Currently, many “family offices” have been structured to take advantage of the exemption from registration under section 203(b)(3) of the Investment Advisers Act for any adviser that during the course of the preceding 12 months had fewer than 15 clients and neither held itself out to the public as an investment adviser nor advised any registered investment company or business development company. However, the Dodd-Frank Act, among other matters, will repeal the 15-client exemption contained in section 203(b)(3). One potential consequence of repealing the 15-client exemption is that many family offices that have relied on that exemption would be required to register under the Advisers Act.

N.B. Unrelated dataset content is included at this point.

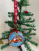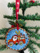 Round-shaped wooden log Santa with a reindeer and 2 snowmen ornament for Christmas/Holiday Season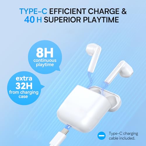 • USB C Efficient Charge for 40 Hours Playtime--Our earbuds have the popular USB C charging cable, which can be easily matched with your power bank, computer, USB socket, etc. Fast charging design. Charge for 1.5 hours, use for 8 hours. With the charging case's backup, it can offer up to 40 hours of playtime

To prevent that consequence, section 409 of the Dodd-Frank Act creates a new exclusion from the Advisers Act in section 202(a)(11)(G), under which “family offices”, are not investment advisers subject to the Advisers Act. The SEC has now proposed, and is accepting comments on, a new definition of “family office”. As proposed, a “family office” is a company that:
- Has no clients other than “family clients;”
- is wholly owned and controlled (directly or indirectly) by “family members;” and
- does not hold itself out to the public as an investment adviser.

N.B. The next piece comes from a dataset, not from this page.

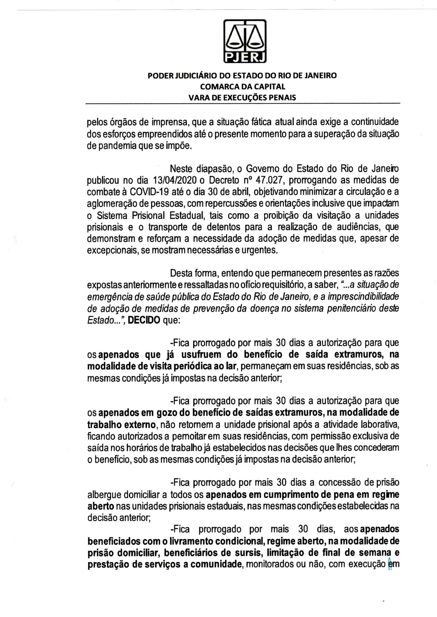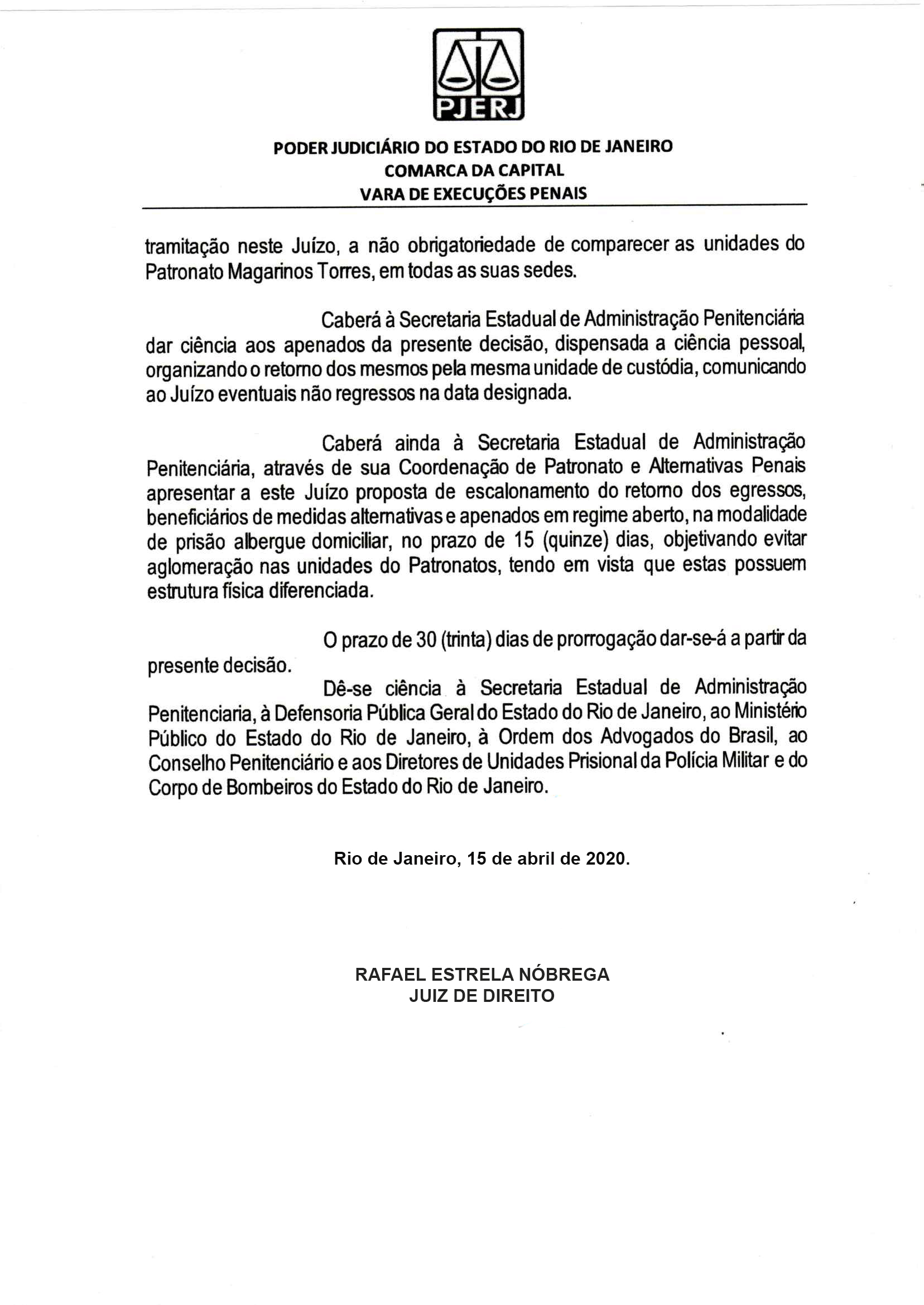 A Vara de Execuções Penais do Rio de Janeiro (VEP) prorrogou por mais 30 dias a autorização para que os presos do regime aberto, do semiaberto que já podiam sair para trabalhar ou fazer a visita periódica ao lar e dos beneficiados com livramento condicional permaneçam em suas casas durante as medidas de combate à Covid-19. A decisão, assinada nesta quarta-feira (15/3) pelo juiz Rafael Estrela, atendeu aos pedidos feitos pela Secretaria estadual de Administração Penitenciária (Seap) e por 11 Promotorias de Justiça que atuam junto à VEP. As decisões anteriores haviam ocorrido nos dias 18 e 19 de março.

“Family clients” would include family members, certain employees of the family office, charities established and funded exclusively by family members, trusts or estates existing for the sole benefit of family clients, and entities wholly-owned and controlled exclusively by family clients. Generally, “family members” would include spouses, parents, and lineal decedents. Additionally, holding itself out to the public as an investment adviser suggests that the family office is seeking to enter into advisory relationships with non-family clients, and therefore inconsistent with the proposed definition of “family office.”

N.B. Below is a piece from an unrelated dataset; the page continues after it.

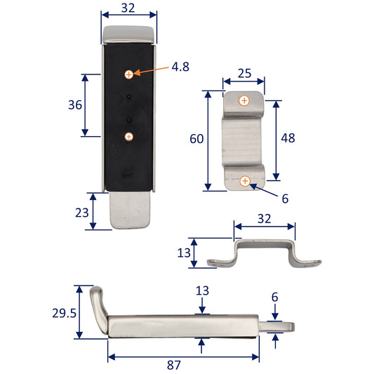 • Stainless Steel Door Latch – Polished Slide Latch – With Detent To Keep In Position – 316 Stainless Steel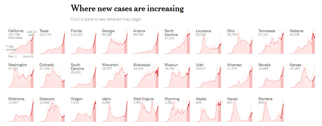 85% of red states are spiking Covid-19 cases and 77% of blue states are flat or declining. Why? It is driven by which officials and news you listen to. If you believe Trump and Fox, you're more likely to die today.

The SEC anticipates that some presently existing family offices may need to reorganize the ownership or control structure of the family office in order to meet the family office definition under the proposed rule. On the other hand, family offices that satisfy the definition would not be subject to the costs of registering with the SEC as an investment adviser and its associated compliance costs (or if they were previously registered, they would benefit from the reduced regulatory costs after de-registering in reliance on the exclusion).